*** DATA FOR ANALYSIS ***
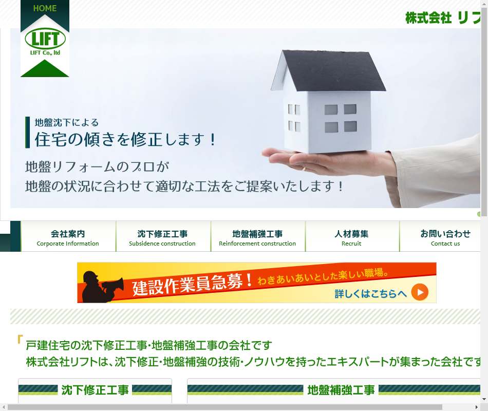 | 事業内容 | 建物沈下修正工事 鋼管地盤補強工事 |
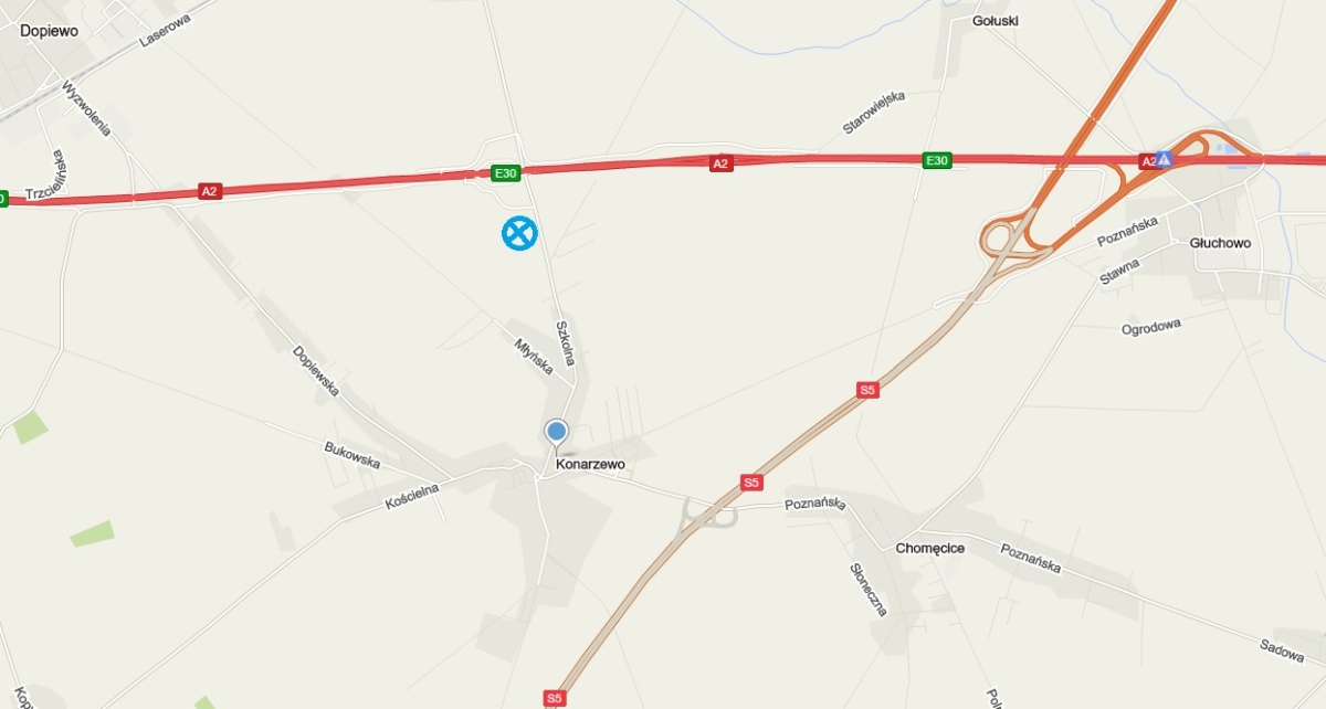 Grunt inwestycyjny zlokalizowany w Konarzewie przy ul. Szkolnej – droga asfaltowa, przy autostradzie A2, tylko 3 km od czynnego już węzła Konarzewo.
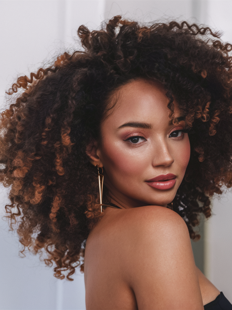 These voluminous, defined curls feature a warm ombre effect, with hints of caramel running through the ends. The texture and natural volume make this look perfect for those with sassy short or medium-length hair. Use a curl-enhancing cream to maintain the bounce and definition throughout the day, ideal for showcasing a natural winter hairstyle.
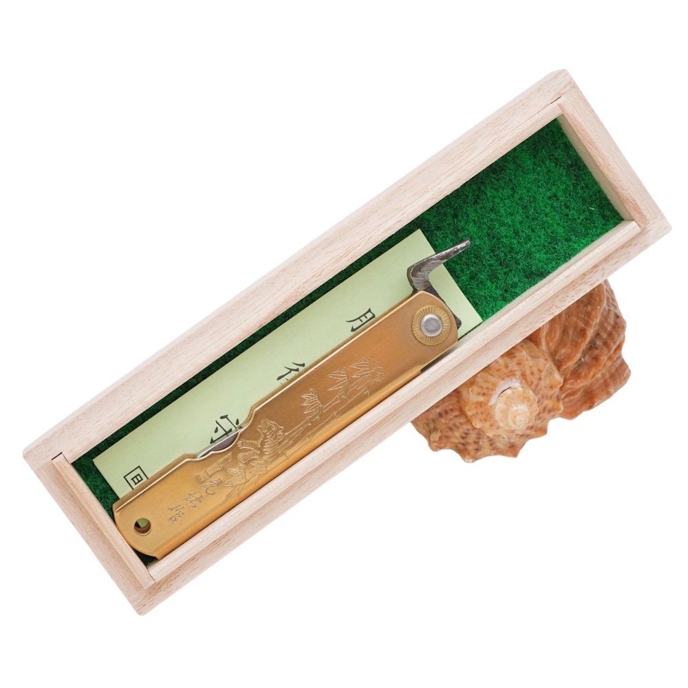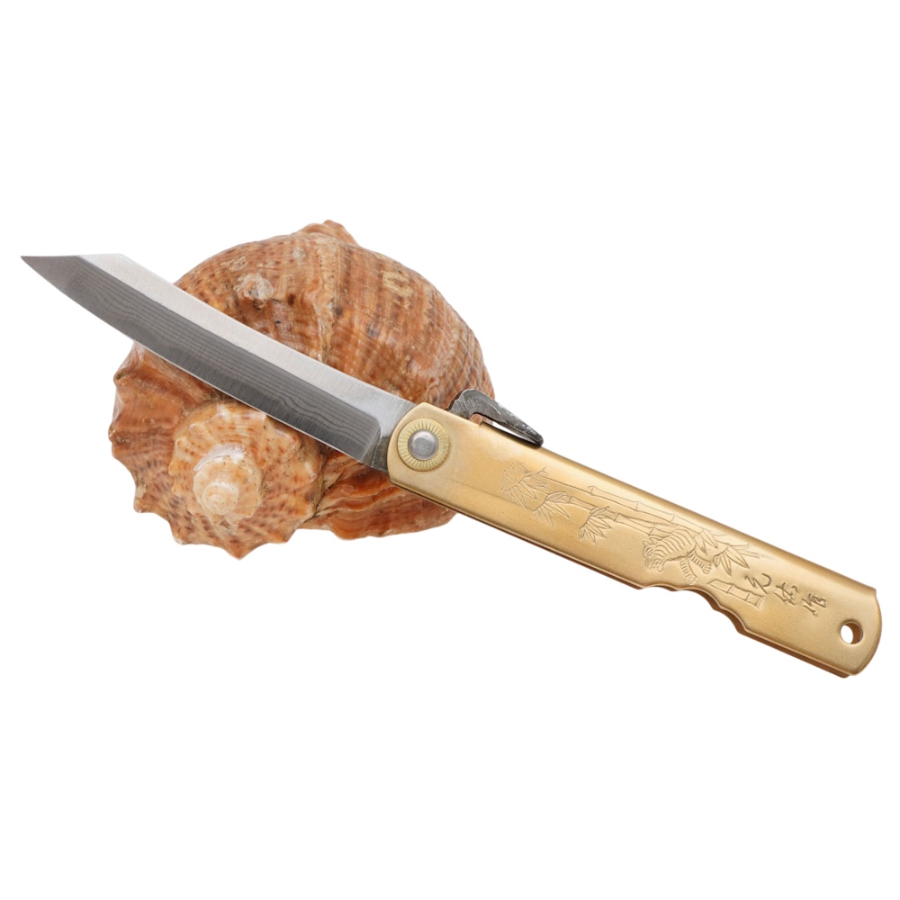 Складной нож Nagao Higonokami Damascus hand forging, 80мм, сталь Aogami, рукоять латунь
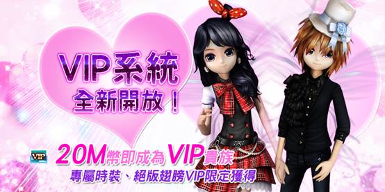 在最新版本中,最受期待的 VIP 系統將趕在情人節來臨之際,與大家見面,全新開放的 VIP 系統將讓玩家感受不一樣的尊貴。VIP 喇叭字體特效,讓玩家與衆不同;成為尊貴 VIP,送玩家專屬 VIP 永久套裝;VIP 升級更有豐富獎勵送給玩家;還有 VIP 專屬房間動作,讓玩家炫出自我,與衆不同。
*** End of DATA FOR ANALYSIS ***
*** DATA FOR ANALYSIS ***
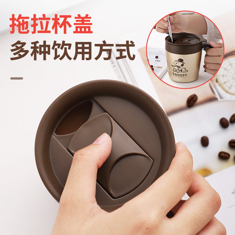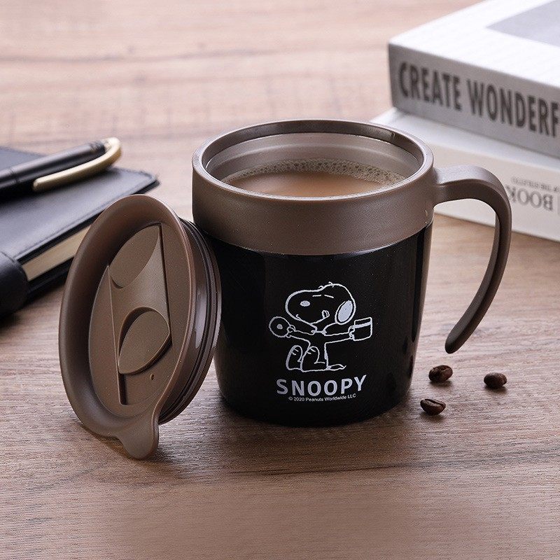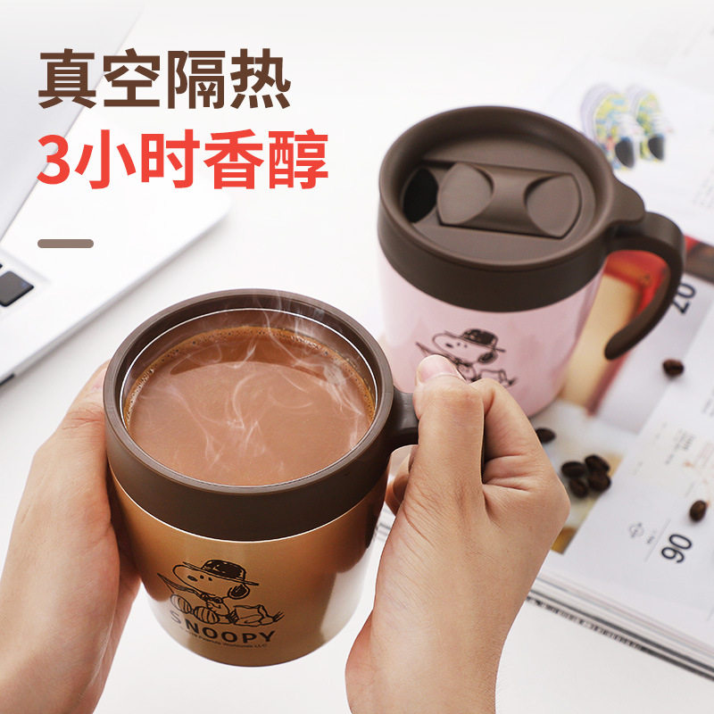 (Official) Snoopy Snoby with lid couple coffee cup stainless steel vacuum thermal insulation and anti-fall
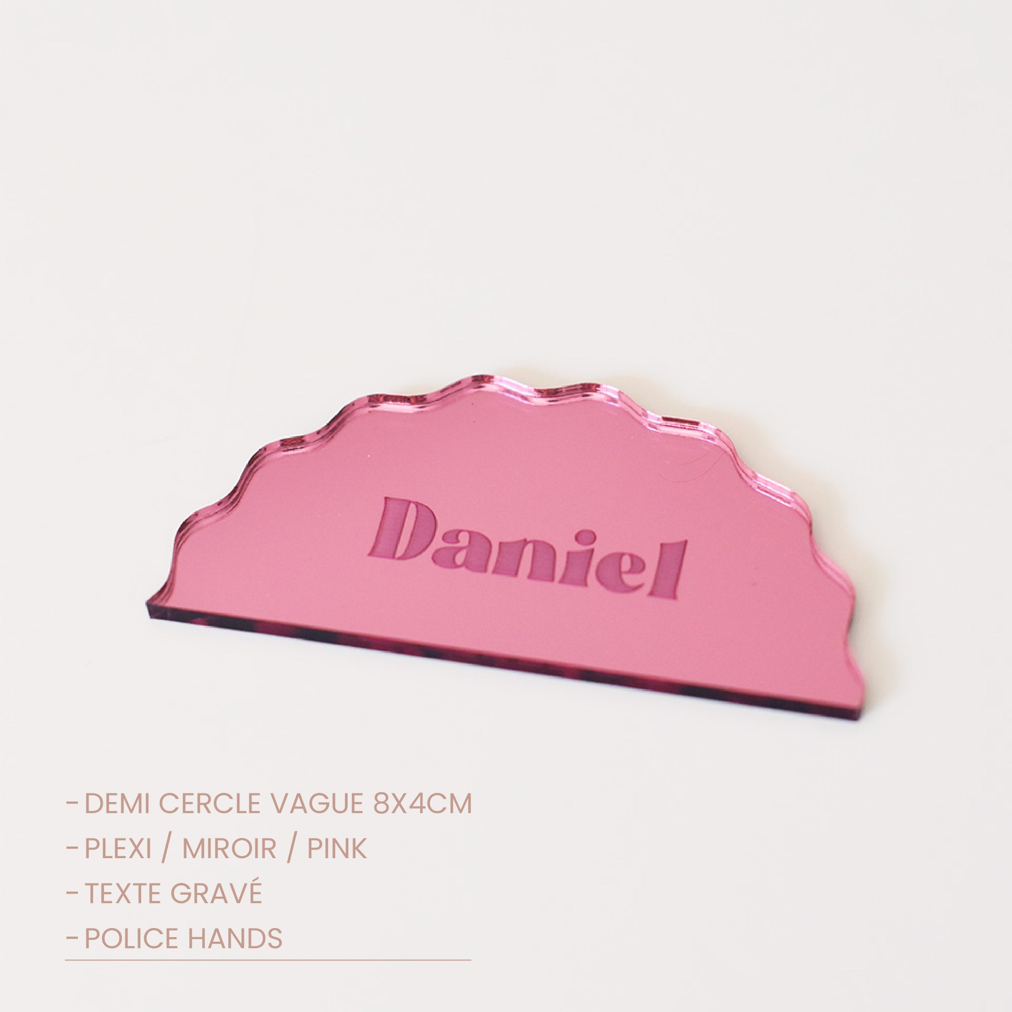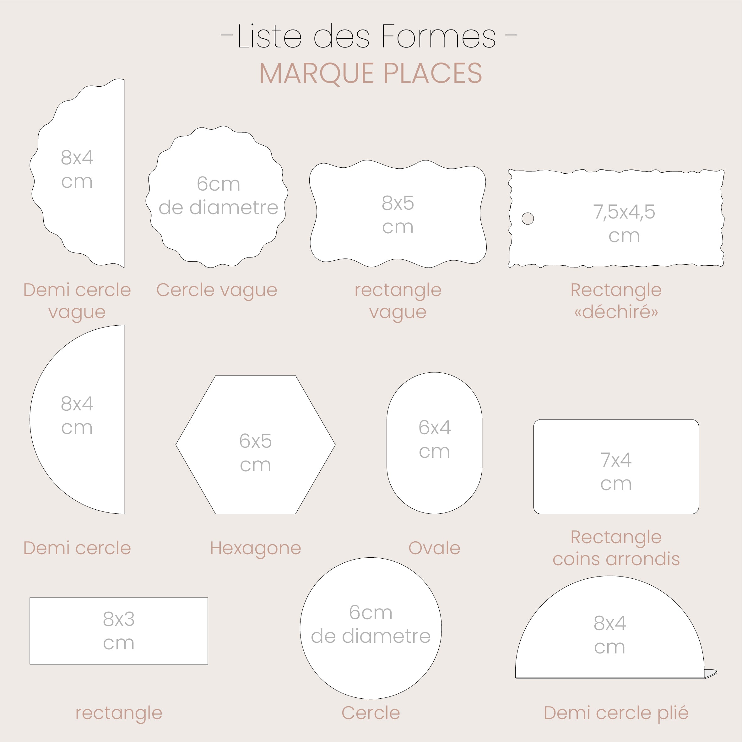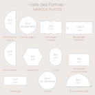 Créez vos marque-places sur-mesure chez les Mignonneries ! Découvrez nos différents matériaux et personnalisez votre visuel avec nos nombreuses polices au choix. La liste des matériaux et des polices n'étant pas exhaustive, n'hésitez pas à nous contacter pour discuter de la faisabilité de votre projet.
*** End of DATA FOR ANALYSIS ***
*** DATA FOR ANALYSIS ***
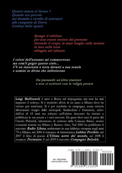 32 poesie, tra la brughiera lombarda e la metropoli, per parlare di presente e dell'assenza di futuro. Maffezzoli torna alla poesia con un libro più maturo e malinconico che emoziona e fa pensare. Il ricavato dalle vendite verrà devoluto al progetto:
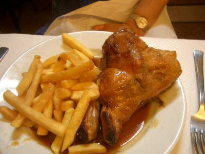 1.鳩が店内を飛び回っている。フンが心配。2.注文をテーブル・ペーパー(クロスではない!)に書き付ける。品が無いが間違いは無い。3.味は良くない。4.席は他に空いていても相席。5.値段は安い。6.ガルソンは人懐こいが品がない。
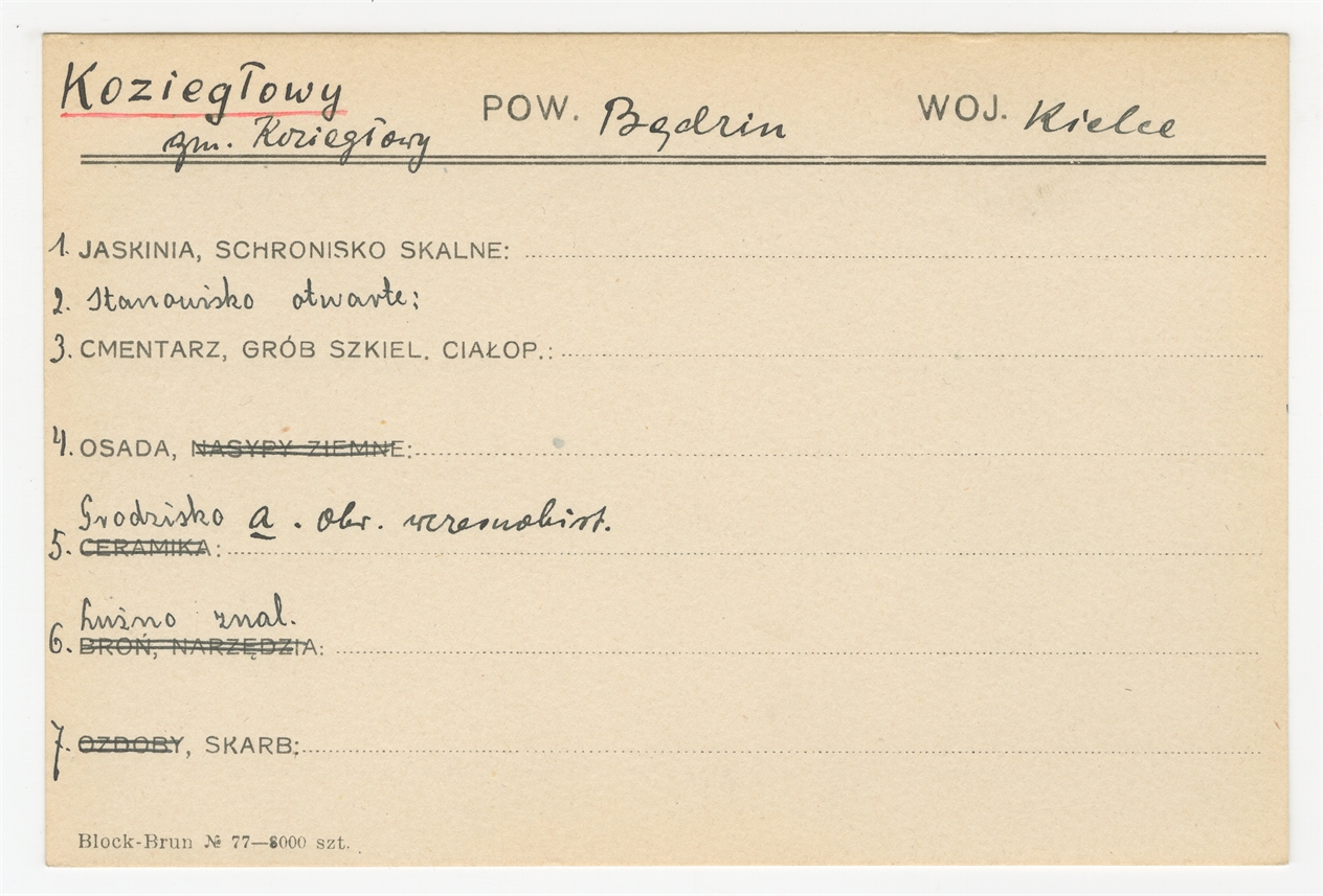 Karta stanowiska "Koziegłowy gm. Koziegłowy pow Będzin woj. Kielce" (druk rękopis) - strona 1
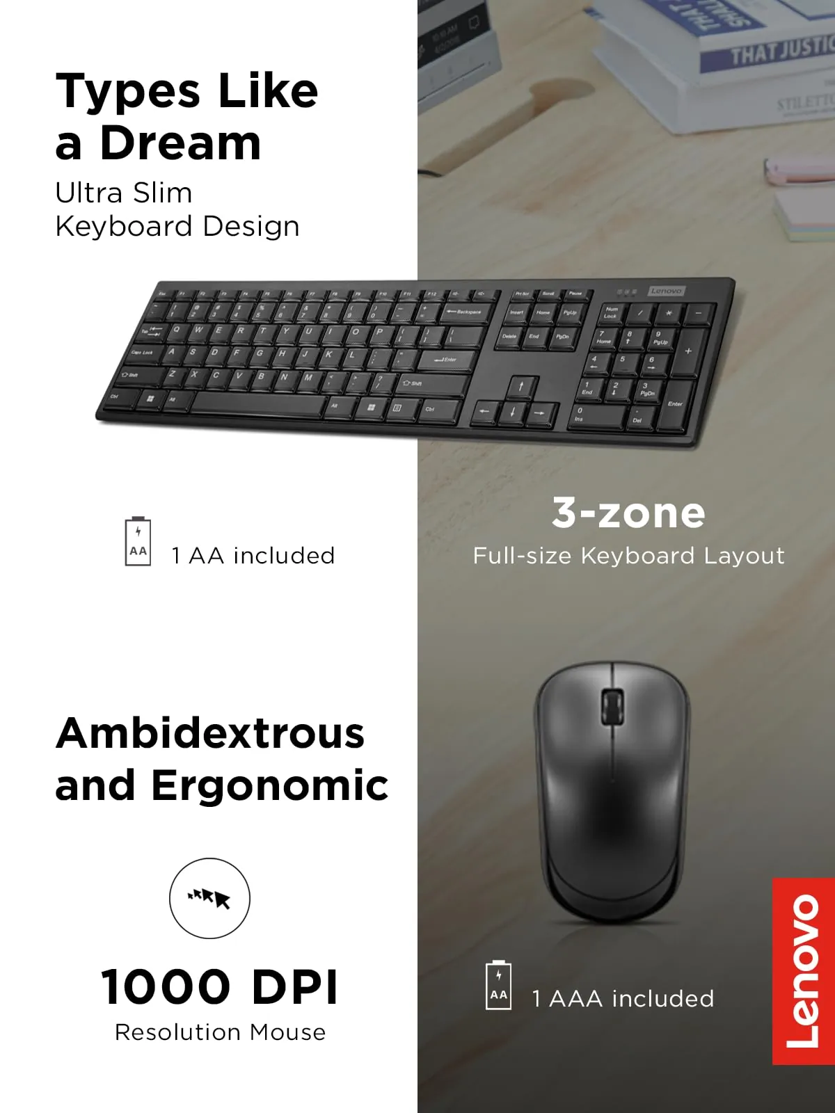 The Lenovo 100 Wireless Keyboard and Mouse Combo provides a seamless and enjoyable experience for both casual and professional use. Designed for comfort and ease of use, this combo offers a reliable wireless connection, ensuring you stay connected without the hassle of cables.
*** End of DATA FOR ANALYSIS ***
-- WHAT TO PRODUCE --
What's needed is an exact copy of the lines above from the one with "Складной нож Nagao" through the one with "在最新版本中,最受期待的 VIP 系統將趕在情人節來臨之際,與大家見面,全新開放的", both included; the pictures stay out.

-- REPLY --
 Складной нож Nagao Higonokami Damascus hand forging, 80мм, сталь Aogami, рукоять латунь
 在最新版本中,最受期待的 VIP 系統將趕在情人節來臨之際,與大家見面,全新開放的 VIP 系統將讓玩家感受不一樣的尊貴。VIP 喇叭字體特效,讓玩家與衆不同;成為尊貴 VIP,送玩家專屬 VIP 永久套裝;VIP 升級更有豐富獎勵送給玩家;還有 VIP 專屬房間動作,讓玩家炫出自我,與衆不同。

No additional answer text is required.